Respondents are significantly more likely to eat chicken and ground beef than packaged deli meat, which results in 40% of respondents answering their first question about chicken, 34% about ground beef, and 25% about packaged deli meat. On average, respondents report eating the food about which they are questioned (prepared at home) 5.7 times per month. There is some variation by food type: conditional on eating the specific food, respondents report eating chicken cooked at home 6.7 times per month, hamburger cooked at home 3.2 times per month, and packaged deli meats prepared at home 7.2 times per month. These rates appear consistent with national data. Including food eaten away from home, the 2003–2004 National Health and Nutrition Examination Survey (NHANES) reports total monthly consumption frequencies of chicken (9.9), hamburger (4.5), and three categories of packaged deli meats (turkey or chicken, 5.7, ham, 4.4, other cold cuts like bologna and salami, 4.4).
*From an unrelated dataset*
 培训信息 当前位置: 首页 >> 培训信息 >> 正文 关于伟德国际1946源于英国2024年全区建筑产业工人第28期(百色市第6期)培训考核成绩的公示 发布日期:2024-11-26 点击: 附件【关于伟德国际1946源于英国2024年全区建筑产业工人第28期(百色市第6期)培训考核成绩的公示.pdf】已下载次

In follow-up questions related to food preparation, 55% of respondents indicate that they are responsible for preparing the food in their households most or all of the time, 62% report they consistently wash their hands while preparing the food, and 67% report taking one or more recommended steps to ensure that the food is fully cooked or otherwise safe to eat. In follow-up questions relating to acceptance of the hypothetical scenario, 47, 40, and 13% of respondents perceive their risk of foodborne illness to be similar to, smaller than, and larger than that presented in the survey, respectively. Eighty-four percent of respondents express at least some confidence that the safety system does not use chemicals or irradiation (as stated in the survey) and 4 and 6% believe the government and private sector are not at all effective in ensuring food safety, respectively.
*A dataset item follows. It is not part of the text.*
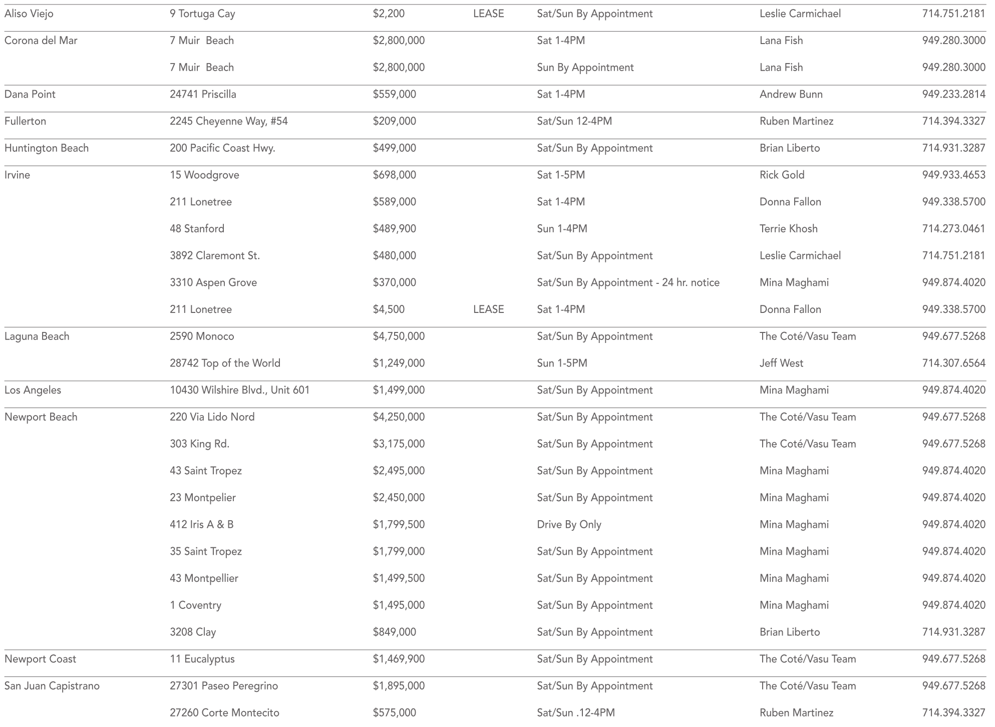 Huntington Beach 200 Pacific Coast Hwy. $499,000 Sat/Sun By Appointment Brian Liberto 714.931.3287 Irvine 15 Woodgrove $698,000 Sat 1-5PM Rick Gold 949.933.4653 211 Lonetree $589,000 Sat 1-4PM Donna Fallon 949.338.5700 48 Stanford $489,900 Sun 1-4PM Terrie Khosh 714.273.0461 3892 Claremont St. $480,000 Sat/Sun By Appointment Leslie Carmichael 714.751.2181 3310 Aspen Grove $370,000 Sat/Sun By Appointment - 24 hr. notice Mina Maghami 949.874.4020 211 Lonetree $4,500 LEASE Sat 1-4PM Donna Fallon 949.338.5700 Laguna Beach 2590 Monoco $4,750,000 Sat/Sun By Appointment The Coté/Vasu Team 949.677.5268 28742 Top of the World $1,249,000 Sun 1-5PM Jeff West 714.307.6564 Los Angeles 10430 Wilshire Blvd., Unit 601 $1,499,000 Sat/Sun By Appointment Mina Maghami 949.874.4020 Newport Beach 220 Via Lido Nord $4,250,000 Sat/Sun By Appointment The Coté/Vasu Team 949.677.5268 303 King Rd. $3,175,000 Sat/Sun By Appointment The Coté/Vasu Team 949.677.5268 43 Saint Tropez $2,495,000 Sat/Sun By Appointment Mina Maghami 949.874.4020 23 Montpelier $2,450,000 Sat/Sun By Appointment Mina Maghami 949.874.4020 412 Iris A & B $1,799,500 Drive By Only Mina Maghami 949.874.4020 35 Saint Tropez $1,799,000 Sat/Sun By Appointment Mina Maghami 949.874.4020 43 Montpellier $1,499,500 Sat/Sun By Appointment Mina Maghami 949.874.4020 1 Coventry $1,495,000 Sat/Sun By Appointment Mina Maghami 949.874.4020 3208 Clay $849,000 Sat/Sun By Appointment Brian Liberto 714.931.3287 Newport Coast 11 Eucalyptus $1,469,900 Sat/Sun By Appointment The Coté/Vasu Team 949.677.5268 San Juan Capistrano 27301 Paseo Peregrino $1,895,000 Sat/Sun By Appointment The Coté/Vasu Team 949.677.5268 27260 Corte Montecito $575,000 Sat/Sun .12-4PM Ruben Martinez 714.394.3327

The two questions concerning gambles on lifetime income can be used to classify respondents into four categories ordered by relative aversion toward financial risk. Fifty-six percent of respondents are in our most risk-averse class (group I) and reject both the first and second gambles, 16% reject the first but accept the second gamble (group II), 14% accept the first but reject the second gamble (group III), and 15% accept both gambles and are in the least risk-averse class (group IV).
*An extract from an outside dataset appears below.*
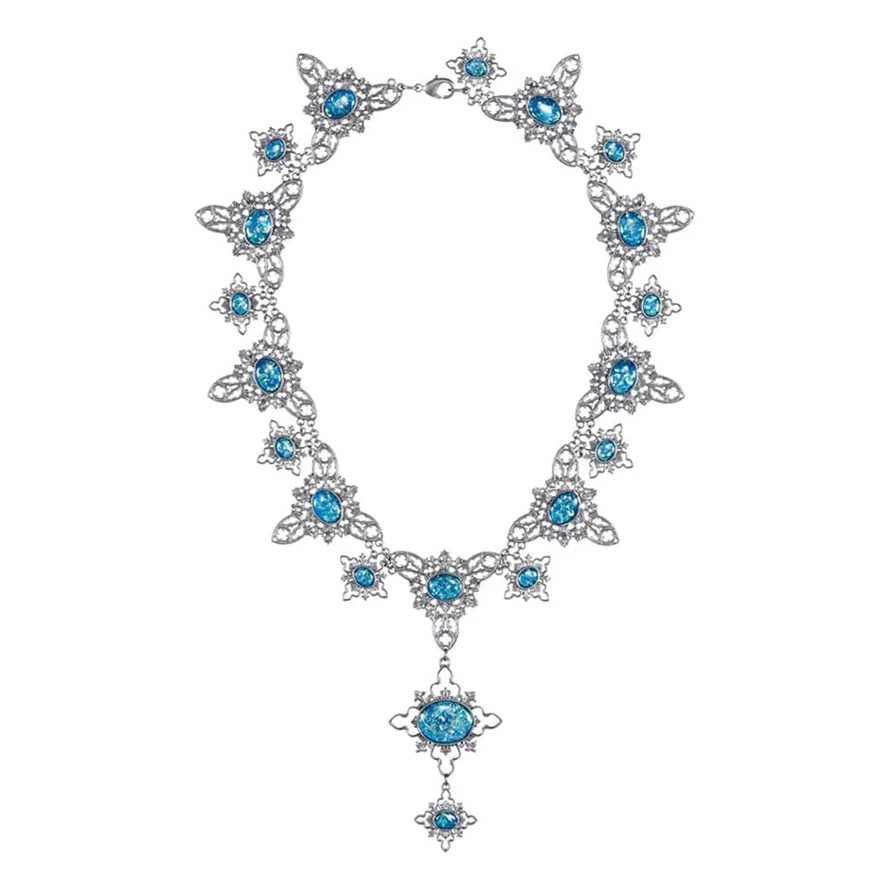 "Do not Touch! Cursed." This prop replica captures every chilling detail of the cursed opal necklace from Harry Potter and the Half-Blood Prince. Said to be terribly cursed, this necklace almost claimed the life of Hogwarts student Katie Bell. Complete with 20 iridescent blue stones and intricate aged silver metal embellishments, keep it safe or show it off with its 33 cm tall leatherette collector's display box, featuring metal swing clasps and lined with plush black velour fabric. The necklace is approximately 16 by 30cm with an adjustable clasp.

4.2. Health-Related Quality of Life

Table III reports the means and standard deviations of the HUI and VAS scores that respondents assign to current health and to the illness with which they are presented along with the symptom descriptions presented in the survey. The results show general agreement between the two measures of health. Mean HUI score for current health is 0.801 with a range of −0.195 to 1. Mean VAS score for current health is 0.756 with a range of 0.050 to 1. Both HUI and VAS scores decrease with the severity of the illness presented. Mean HUI scores for “mild,”“moderate,” and “severe” symptom descriptions are 0.506, 0.258, and 0.116, respectively. The corresponding mean VAS scores are 0.575, 0.465, and 0.420, respectively. Consistent with other comparisons of rating-scale and standard-gamble estimates,(45,46) the VAS scores tend to cluster in the middle of the scale while the standard-gamble-based HUI scores are spread across a wider range. Comparisons between the VAS and HUI scores should recognize that possible scores for the VAS range between 0 and 1 while possible scores for the HUI range between −0.359 and 1.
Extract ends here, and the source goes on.